Командир рассеянно переводил взгляд с одного из нас на другого. В продолжении длительной паузы мы стояли, смущенно потупив глаза. В таких случаях всегда почему-то чувствуешь себя нехорошо, словно ты виноват, что жив остался.

– Расскажите подробнее, – наконец прервал молчание командир и, взглянув на нас, добавил:—Вы садитесь, товарищи, отдыхайте, курите, кто хочет.

Дроздов последовательно начал докладывать о событиях минувшего дня. Командир слушал его внимательно, иногда останавливал вопросами, уточняя что-нибудь. Лицо его, изборожденное морщинами, утомленное, как бы застыло в своей удрученности.

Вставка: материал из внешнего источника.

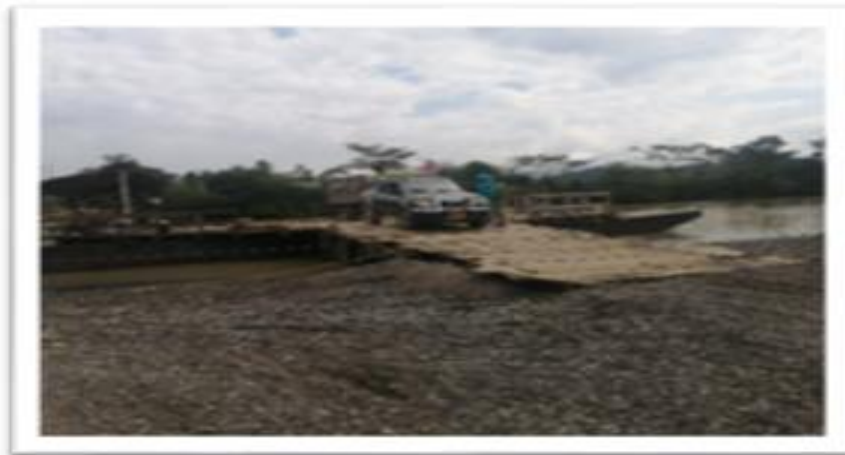
Ilustración 54. Embarcadero Planchones Camellón Carrizola

К нашей общей радости, Дроздов умолчал о поступке Заплаткина. Пощадил ли он при этом оплошавшего разведчика или удрученного горем командира, вернее всего – обоих. Такие события мужчины переживают тяжело, а Балянов и без того был подавлен смертью радиста.

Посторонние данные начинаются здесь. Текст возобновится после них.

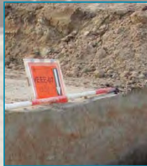
Oudste dijk Zeeland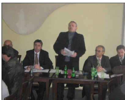
Skenderaj, 18 janar 2006

Эпизод с мальчиком смягчил выражение его лица. Он с интересом расспрашивал обстоятельства встречи:

– Совсем еще ребенок! На лошади, говоришь, догнал? Положим, деревенским ребятам верховая езда – не в диковинку. А в чем был одет? Как звать мальчика?

Все должен видеть, подметить, запомнить разведчик! Дроздов рассказывал кратко, но вместе с тем очень подробно, как мне показалось. Чувствовался острый глаз разведчика. На вопросы командира отвечал обстоятельно: называл место, время события, высказывал остроумные заключения. И вдруг смущенно замолчал.

В самом деле, как был одет Кеша? Балянов вскинул на него удивленный взор, как бы говоря: можно ли забыть или – хуже того – не заметить столь важных деталей?

И почему его так заинтересовало имя и даже одежда мальчика?

Товарищи, конечно, выручили Дроздова, припомнили все, но этим они только усилили краску стыда на его лице. По правде говоря, облачение Кеши было самым заурядным: старенький нагольный полушубок и серая фуражка с большим масляным пятном на околыше. Фуражку я запомнил потому, что мне пришлось поднимать ее, когда мальчик еще лежал на земле.